Taking as a model the stratigraphical handbook of W. D. Conybeare and W. Phillips (1822), Murchison began the long series of geological studies which brought him worldwide fame and recognition. Almost every summer, for over twenty years, he undertook long and often arduous journeys in search of new successions of strata which would help to bring order to the reconstruction of the history of the earth. He entered geology during the first great period of stratigraphical research, and stratigraphy remained his chief area of interest. He was not a theoretician and generally delegated the paleontological parts of his work to others, but he was an excellent observer with a flair for grasping the major features of an area from a few rapid traverses.
Some of his earliest work convinced Murchison of the superiority of fossils over lithology as criteria of geological age: in 1826 he showed that the fauna and flora of the isolated coalfield of Brora in northeastern Scotland indicated it to be of the same age as the English Oolites (that is, Jurassic), although the rock types resembled the Coal Measures (that is, Carboniferous). In 1828 he accompanied Charles Lyell through the celebrated volcanic districts of the Massif Central into northern Italy, and their joint papers suggest that Murchison was at this time much influenced by Lyell’s theoretical views. His subsequent work in the Alpine region, some of it in the company of Adam Sedgwick, included an attempt to show the continuity of the Secondary and Tertiary strata; but, at the same time, firsthand experience of the vast scale of folding and faulting in the Alps led Murchison toward an increasing catastrophist emphasis on the role of occasional episodes of drastic disturbance in the crust of the earth.
During these first years of research Murchison’s travels brought him into contact with most of the leading geologists on the Continent, and his position as secretary (from 1827) of the Geological Society made him equally well known in Britain. In 1831 he was elected president of the Geological Society (he held office until 1833, and again from 1841 to 1843), and in the same year began his most important research.

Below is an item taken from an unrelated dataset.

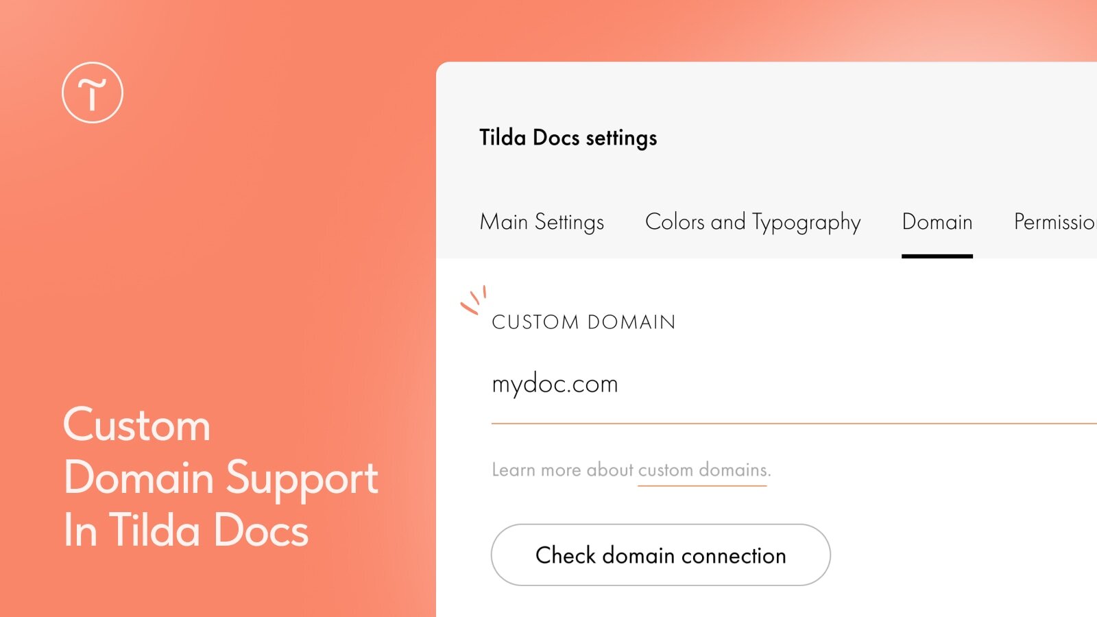 To set it up, go to Tilda Docs Settings → Domain → Custom Domain.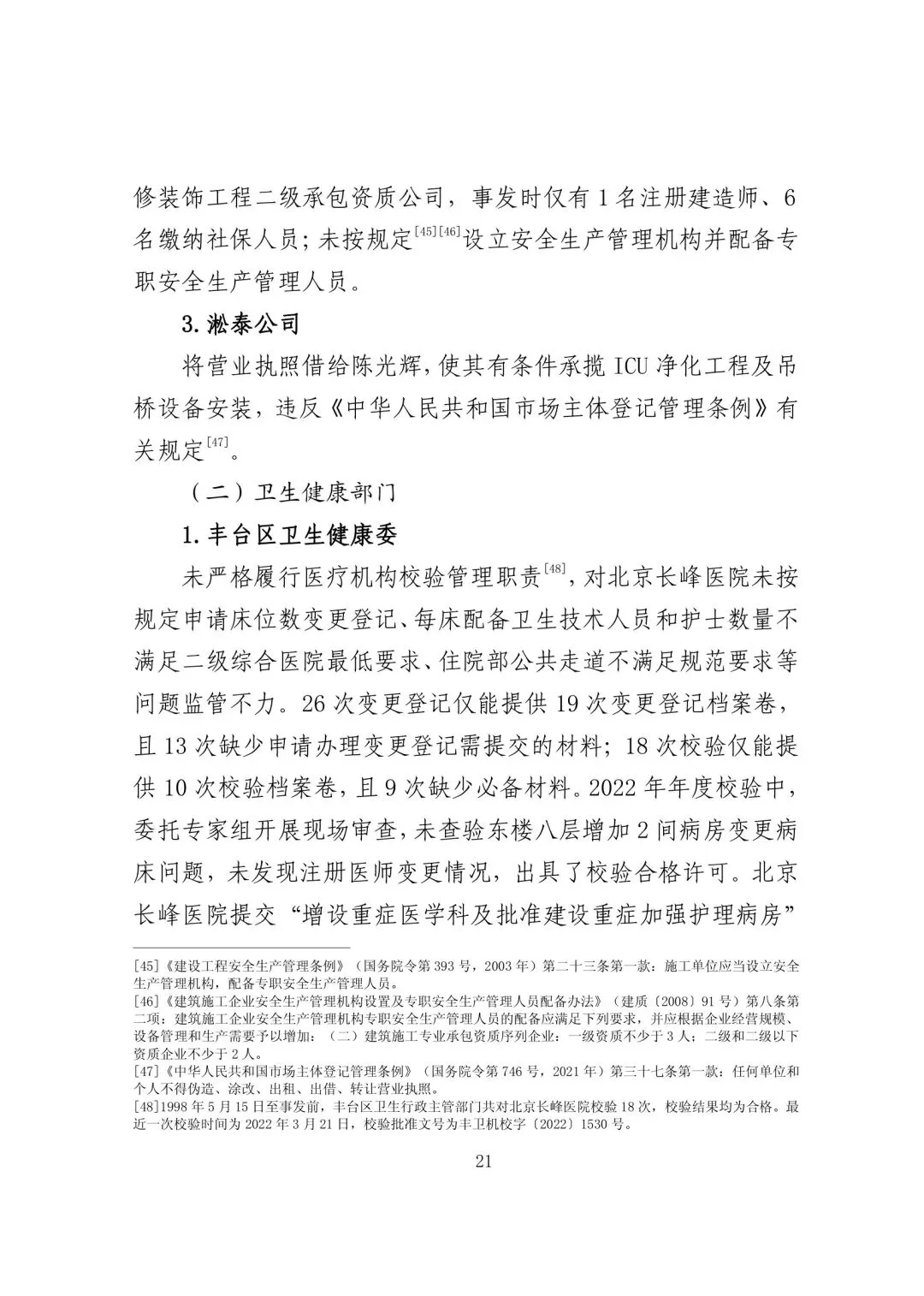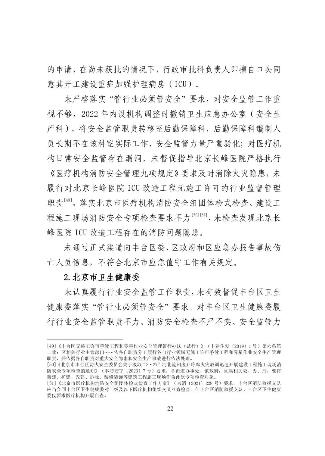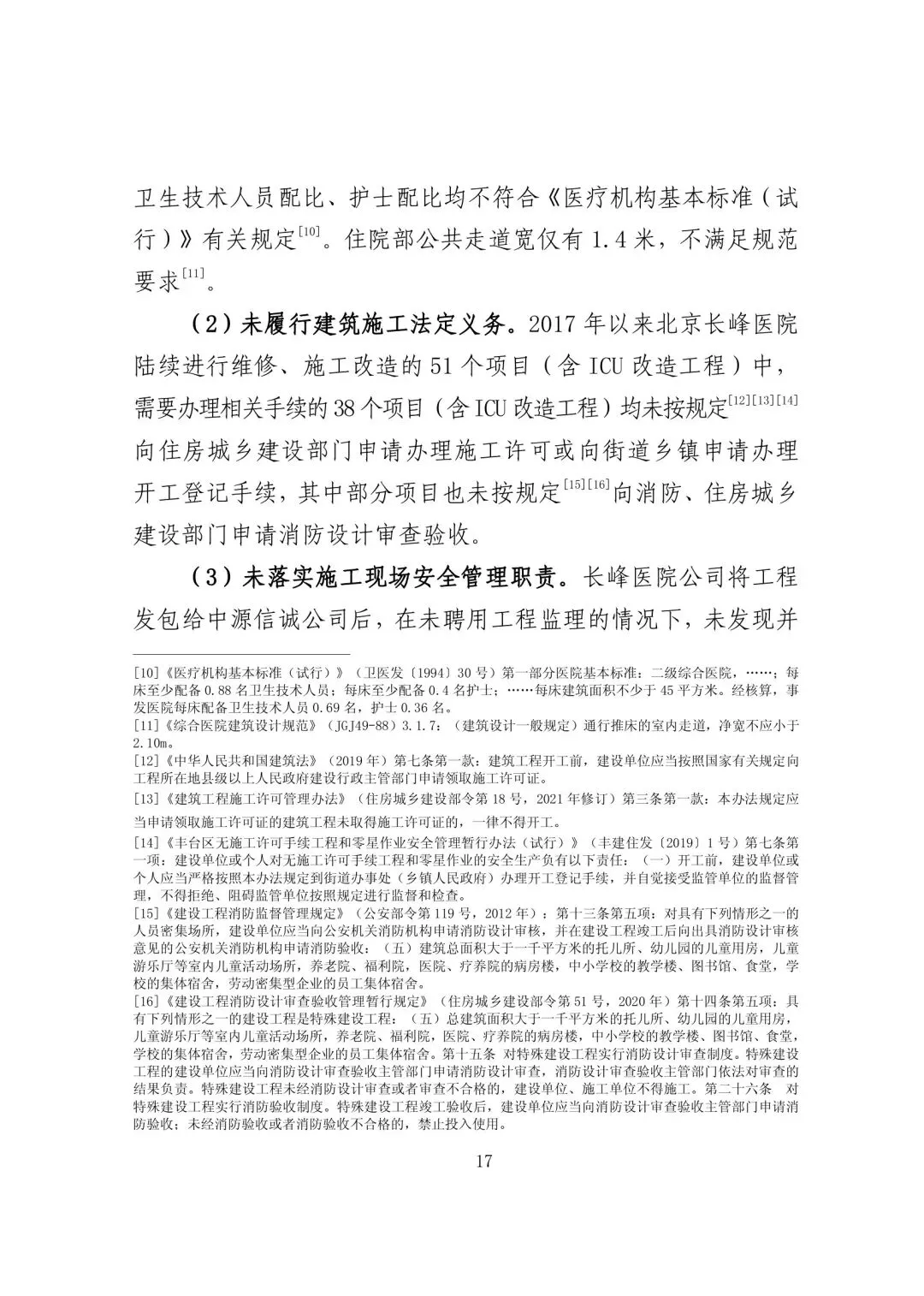 a. 未履行建筑施工法定义务。2017 年以来北京长峰医院陆续进行维修、施工改造的 51 个项目(含 ICU 改造工程)中,需要办理相关手续的38 个项目(含ICU 改造工程)均未按规定向住房城乡建设部门申请办理施工许可或向街道乡镇申请办理开工登记手续,其中部分项目也未按规定向消防、住房城乡建设部门申请消防设计审查验收。

At this time the major features of the stratigraphical succession had been clarified down to the Old Red Sandstone underlying the Carboniferous rocks, but below that was what Murchison called “interminable grauwacke"—rocks containing few fossils, in which no uniform sequence had been detected. It was widely doubted whether the method of correlation by fossils would even be applicable to these ancient Transition strata, yet in them—if anywhere—lay the possibility of finding evidence for the origin of life itself. Acting on a hint of Buckland’s, Murchison was fortunate to find in the Welsh borderland an area in which there was a conformable sequence downward from the Old Red Sandstone into Transition strata with abundant fossils. He gave a preliminary report of his work at the first meeting (1831) of the British Association for the Advancement of Science; and in 1835, after further fieldwork, he named the strata Silurian after the Silures, a Romano-British tribe that had lived in the region.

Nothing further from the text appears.